Melchior Tavernier (1594 – May 1665) was a French engraver, printmaker and print publisher.

==Heritage, early life, and training==
He was the son of Gabriel II Tavernier (1566–1607), an engraver, who in 1573 moved with his father Gabriel I Tavernier (born Bailleul c. 1520; died 1614) and his brother Melchior Tavernier (born 1544 or 1564; died 1641) from Antwerp to Paris. The younger Melchior Tavernier's mother was Suzanne Tonnelier. He had four siblings: Jean-Baptiste (who became a well-known writer and traveller), Gabriel III, Daniel, and Marie. His father, Gabriel II Tavernier, died in 1607; the inventory after his decease is dated 23 February 1607. By a contract of 30 June 1609, the younger Melchior Tavernier apprenticed with Thomas de Leu for four years at the age of fourteen, and from this Préaud et al. concluded he was born in 1594 or 1595. According to the Haag Brothers, he was baptised in 1594. It is often very difficult, with our current state of knowledge, to distinguish the work of the younger Melchior Tavernier from that of his uncle.

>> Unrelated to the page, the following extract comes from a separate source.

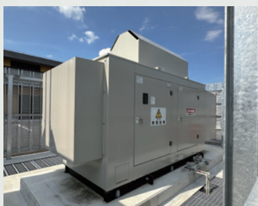
非常用発電（72時間発電）

In 1589, when the Catholic League occupied Paris, the Tavernier family had fled to Tours, where Henri IV's court and the Parlement of Paris ruled in exile; the family lived there from 1590 to 1594. French engraving was of lower quality compared to the Flemish school, and Protestants, such as the family of Gabriel I Tavernier, brought high quality copperplate engraving to France. The first atlas of France, Le Théâtre françois, où sont comprises les chartes générales et particulières de la France, was published in Tours in 1594 by Maurice Bouguereau. It contained twenty maps of the provinces of France, the engraving of which was done by Gabriel Tavernier. Bouguereau said that the opportunity to use a highly skilled engraver encouraged him to publish the atlas.

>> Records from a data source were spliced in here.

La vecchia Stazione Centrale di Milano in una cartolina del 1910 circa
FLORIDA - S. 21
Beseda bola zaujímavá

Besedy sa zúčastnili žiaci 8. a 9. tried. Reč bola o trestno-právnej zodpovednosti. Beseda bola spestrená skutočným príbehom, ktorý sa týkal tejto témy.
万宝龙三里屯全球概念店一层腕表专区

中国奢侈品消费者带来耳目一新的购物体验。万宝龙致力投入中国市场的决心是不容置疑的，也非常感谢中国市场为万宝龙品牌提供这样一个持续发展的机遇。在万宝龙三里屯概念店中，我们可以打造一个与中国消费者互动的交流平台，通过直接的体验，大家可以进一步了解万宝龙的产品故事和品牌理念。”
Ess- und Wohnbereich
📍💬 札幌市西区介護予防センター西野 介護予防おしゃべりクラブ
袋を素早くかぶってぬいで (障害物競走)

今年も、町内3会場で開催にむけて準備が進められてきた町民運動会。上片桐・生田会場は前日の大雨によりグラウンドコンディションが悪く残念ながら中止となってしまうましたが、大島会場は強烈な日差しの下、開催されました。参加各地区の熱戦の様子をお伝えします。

After Gabriel I Tavernier returned to Paris, he resided on the Île du Palais, at 'L'Épi d'or', on the quai facing the Quai de la Mégisserie. After 1609 he was on the Pont Marchand, at the sign of 'La Huppe', parish of Saint-Barthélémy, where he remained in 1612. The elder Melchior Tavernier, who is otherwise obscure, claimed at a legal proceeding in 1620 that Gabriel I Tavernier introduced the art of etching to Paris and stated that his father died in 1614. On 7 December 1615, the assets of the elder Gabriel Tavernier's business and the lease for the house of 'La Huppe' on the Pont Marchand passed to the younger Melchior Tavernier's mother, Suzanne Tonnelier.

==Later life and career==
In 1618 Melchior Tavernier became an intaglio engraver and printer to the king (graveur et imprimeur en taille-douce du Roi) with an emphasis on historical subjects and maps. On 2 April 1619 he married Sarah Pitten and on 30 April he purchased from his mother the assets of the family business and took over the lease of its premises, 'La Huppe' on the Pont Marchand. The couple had at least three daughters (Suzanne, Marie-Madeleine and Marie-Catherine) who were still living on 16 March 1638, when an inventory was drawn up after the death of their mother.

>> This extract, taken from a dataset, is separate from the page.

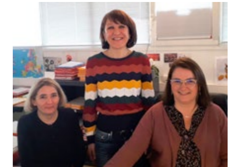
Service urbanisme de la communauté de communes des Hauts Tolosans

L'accueil physique sera organisé exclusivement sur rendez-vous.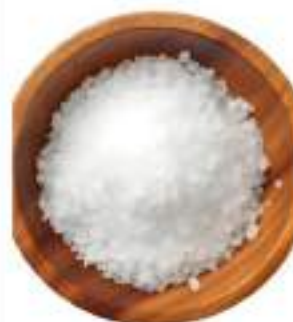
SALE FINE SICILIA CONF.KG.1

Abraham Bosse became an apprentice in the Tavernier shop in 1620, and Tavernier became one of his publishers. Between 1623 and 1629 Ludolph Büsinck made woodcuts for Tavernier after drawings by Georges Lallemand. Tavernier has an important place in the history of the French map trade. He published and sold maps and atlases of, among others, Henry Hondius, Jan Jansson, and Nicolas Tassin. He also published, beginning in 1632, early works by Nicolas Sanson, often referred to as the founder of French cartography.

Initially Tavernier continued to operate the shop at 'La Huppe' on the Pont Marchand but later moved to the Pont Notre-Dame 'à l'enseigne Franc Gaulois', then in 1621, to the Île du Palais, first at the corner of the rue de Harlay 'à la Rose rouge' and later on the quai facing the Quai de la Mégisserie 'à la Sphère royale' (1638 at the latest). On 12 February 1644 he sold part of his assets to François Langlois for five million livres and the rest to Pierre Mariette (1596–1657), the grandfather of Jean Mariette, for eleven million. Retired from business, he bought the office of contrôleur et clerc d'office de la maison du duc d'Orléans.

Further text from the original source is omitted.